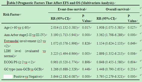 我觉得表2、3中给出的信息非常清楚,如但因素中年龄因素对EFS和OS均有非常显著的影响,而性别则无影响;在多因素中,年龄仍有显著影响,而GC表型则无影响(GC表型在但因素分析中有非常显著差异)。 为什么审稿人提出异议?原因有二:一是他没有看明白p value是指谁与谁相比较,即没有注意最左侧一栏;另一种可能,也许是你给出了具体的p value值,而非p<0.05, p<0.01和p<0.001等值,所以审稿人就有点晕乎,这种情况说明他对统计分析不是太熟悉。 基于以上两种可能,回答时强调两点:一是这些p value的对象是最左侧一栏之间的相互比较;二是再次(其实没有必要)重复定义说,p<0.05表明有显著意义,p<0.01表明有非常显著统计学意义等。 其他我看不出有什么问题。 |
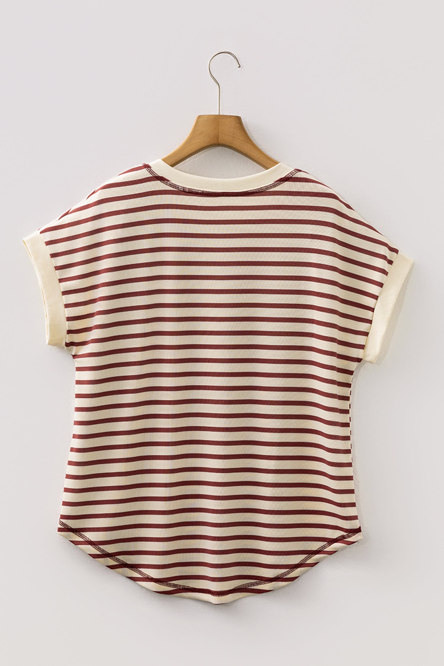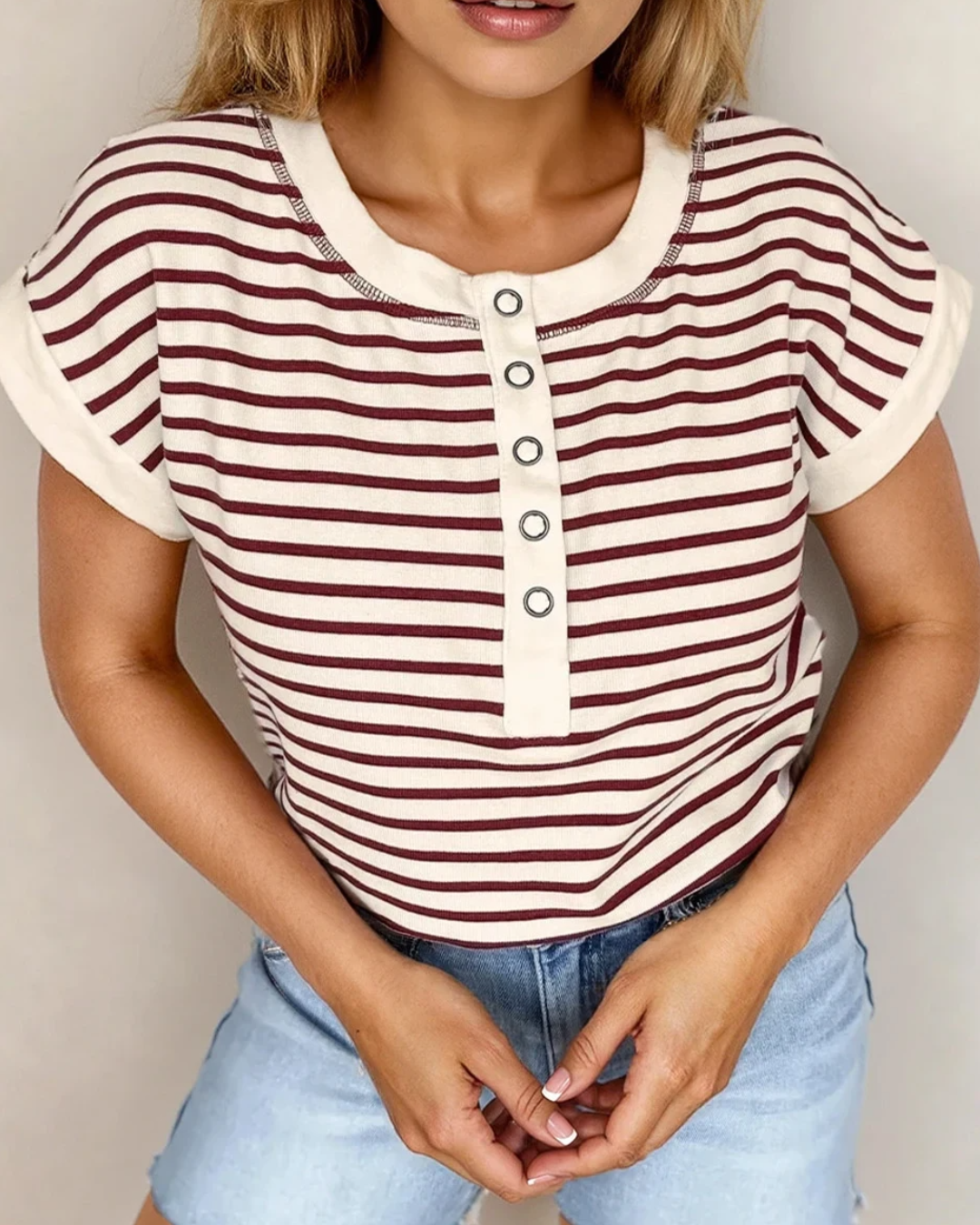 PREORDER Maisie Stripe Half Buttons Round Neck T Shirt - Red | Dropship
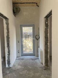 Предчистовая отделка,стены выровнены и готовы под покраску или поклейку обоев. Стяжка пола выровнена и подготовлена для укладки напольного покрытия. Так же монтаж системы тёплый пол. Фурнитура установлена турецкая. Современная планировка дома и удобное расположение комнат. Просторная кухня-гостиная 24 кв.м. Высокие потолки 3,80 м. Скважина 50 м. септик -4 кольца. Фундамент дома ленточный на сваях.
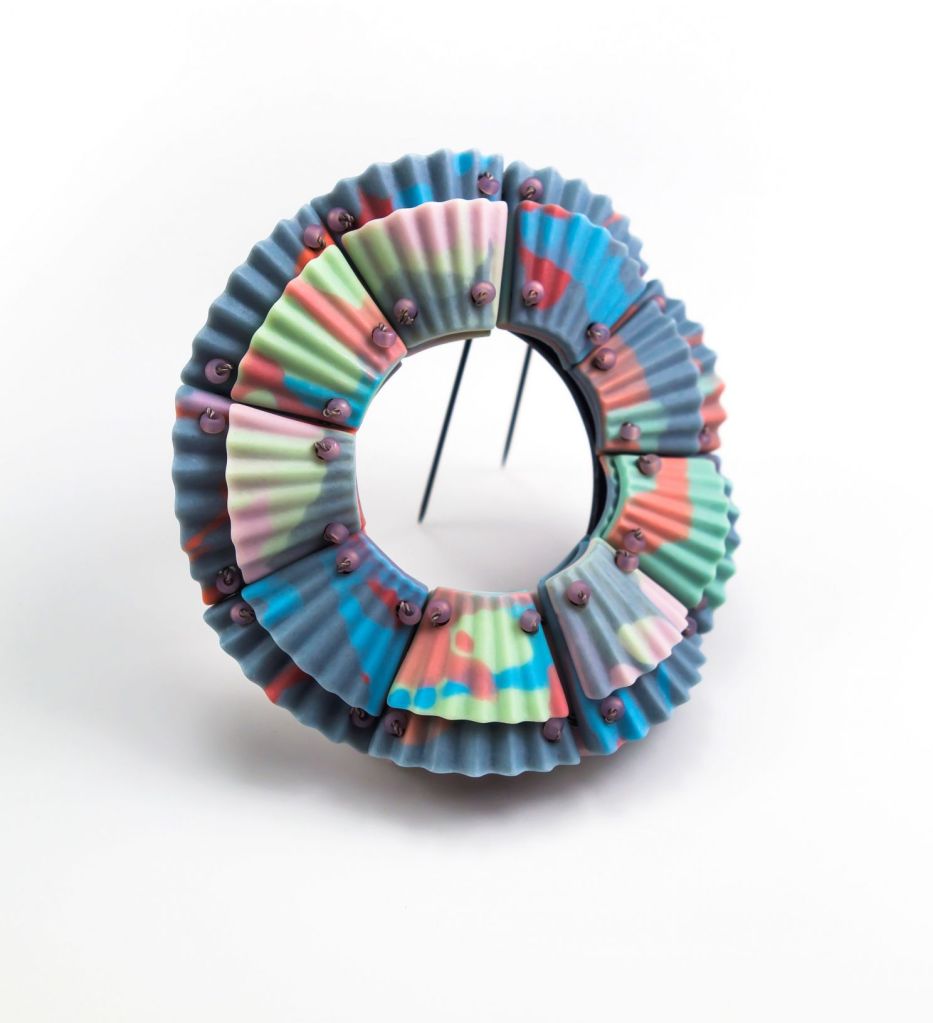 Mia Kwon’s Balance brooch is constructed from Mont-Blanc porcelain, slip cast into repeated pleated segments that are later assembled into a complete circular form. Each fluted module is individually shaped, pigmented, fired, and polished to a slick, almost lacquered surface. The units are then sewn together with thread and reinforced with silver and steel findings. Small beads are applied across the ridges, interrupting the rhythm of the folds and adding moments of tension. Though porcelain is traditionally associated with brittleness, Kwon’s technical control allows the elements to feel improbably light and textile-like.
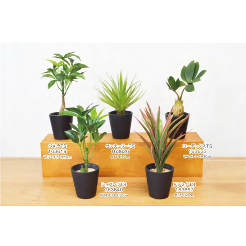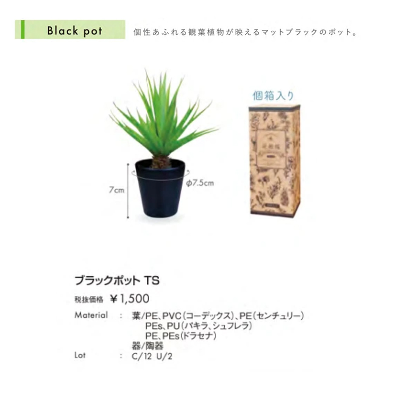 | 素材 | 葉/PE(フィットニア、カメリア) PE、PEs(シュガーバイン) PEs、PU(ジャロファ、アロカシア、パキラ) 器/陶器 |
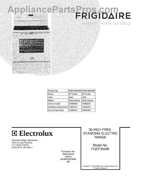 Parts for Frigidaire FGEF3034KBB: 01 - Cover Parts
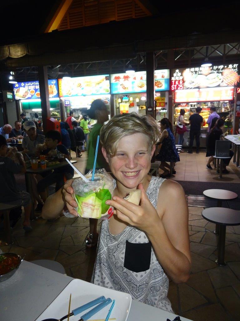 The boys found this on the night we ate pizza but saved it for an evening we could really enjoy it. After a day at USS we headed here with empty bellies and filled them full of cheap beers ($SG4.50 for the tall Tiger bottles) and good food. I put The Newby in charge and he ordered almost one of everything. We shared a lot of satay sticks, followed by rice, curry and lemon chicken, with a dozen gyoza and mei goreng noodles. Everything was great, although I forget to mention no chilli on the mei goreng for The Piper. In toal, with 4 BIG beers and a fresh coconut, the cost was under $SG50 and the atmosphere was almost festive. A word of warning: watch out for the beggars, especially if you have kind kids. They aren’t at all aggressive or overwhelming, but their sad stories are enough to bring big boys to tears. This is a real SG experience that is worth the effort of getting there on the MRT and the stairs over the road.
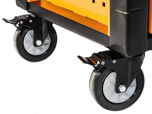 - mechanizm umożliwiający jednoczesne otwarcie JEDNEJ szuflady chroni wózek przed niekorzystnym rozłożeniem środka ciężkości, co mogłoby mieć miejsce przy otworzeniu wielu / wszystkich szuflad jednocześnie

- [What the task asks] When you retype the listing above, keep each line exactly as written and drop the pictures.

- [Your solution]
 我觉得表2、3中给出的信息非常清楚,如但因素中年龄因素对EFS和OS均有非常显著的影响,而性别则无影响;在多因素中,年龄仍有显著影响,而GC表型则无影响(GC表型在但因素分析中有非常显著差异)。 为什么审稿人提出异议?原因有二:一是他没有看明白p value是指谁与谁相比较,即没有注意最左侧一栏;另一种可能,也许是你给出了具体的p value值,而非p<0.05, p<0.01和p<0.001等值,所以审稿人就有点晕乎,这种情况说明他对统计分析不是太熟悉。 基于以上两种可能,回答时强调两点:一是这些p value的对象是最左侧一栏之间的相互比较;二是再次(其实没有必要)重复定义说,p<0.05表明有显著意义,p<0.01表明有非常显著统计学意义等。 其他我看不出有什么问题。 |
 PREORDER Maisie Stripe Half Buttons Round Neck T Shirt - Red | Dropship
 Предчистовая отделка,стены выровнены и готовы под покраску или поклейку обоев. Стяжка пола выровнена и подготовлена для укладки напольного покрытия. Так же монтаж системы тёплый пол. Фурнитура установлена турецкая. Современная планировка дома и удобное расположение комнат. Просторная кухня-гостиная 24 кв.м. Высокие потолки 3,80 м. Скважина 50 м. септик -4 кольца. Фундамент дома ленточный на сваях.
 Mia Kwon’s Balance brooch is constructed from Mont-Blanc porcelain, slip cast into repeated pleated segments that are later assembled into a complete circular form. Each fluted module is individually shaped, pigmented, fired, and polished to a slick, almost lacquered surface. The units are then sewn together with thread and reinforced with silver and steel findings. Small beads are applied across the ridges, interrupting the rhythm of the folds and adding moments of tension. Though porcelain is traditionally associated with brittleness, Kwon’s technical control allows the elements to feel improbably light and textile-like.
 | 素材 | 葉/PE(フィットニア、カメリア) PE、PEs(シュガーバイン) PEs、PU(ジャロファ、アロカシア、パキラ) 器/陶器 |
 Parts for Frigidaire FGEF3034KBB: 01 - Cover Parts
 The boys found this on the night we ate pizza but saved it for an evening we could really enjoy it. After a day at USS we headed here with empty bellies and filled them full of cheap beers ($SG4.50 for the tall Tiger bottles) and good food. I put The Newby in charge and he ordered almost one of everything. We shared a lot of satay sticks, followed by rice, curry and lemon chicken, with a dozen gyoza and mei goreng noodles. Everything was great, although I forget to mention no chilli on the mei goreng for The Piper. In toal, with 4 BIG beers and a fresh coconut, the cost was under $SG50 and the atmosphere was almost festive. A word of warning: watch out for the beggars, especially if you have kind kids. They aren’t at all aggressive or overwhelming, but their sad stories are enough to bring big boys to tears. This is a real SG experience that is worth the effort of getting there on the MRT and the stairs over the road.
 - mechanizm umożliwiający jednoczesne otwarcie JEDNEJ szuflady chroni wózek przed niekorzystnym rozłożeniem środka ciężkości, co mogłoby mieć miejsce przy otworzeniu wielu / wszystkich szuflad jednocześnie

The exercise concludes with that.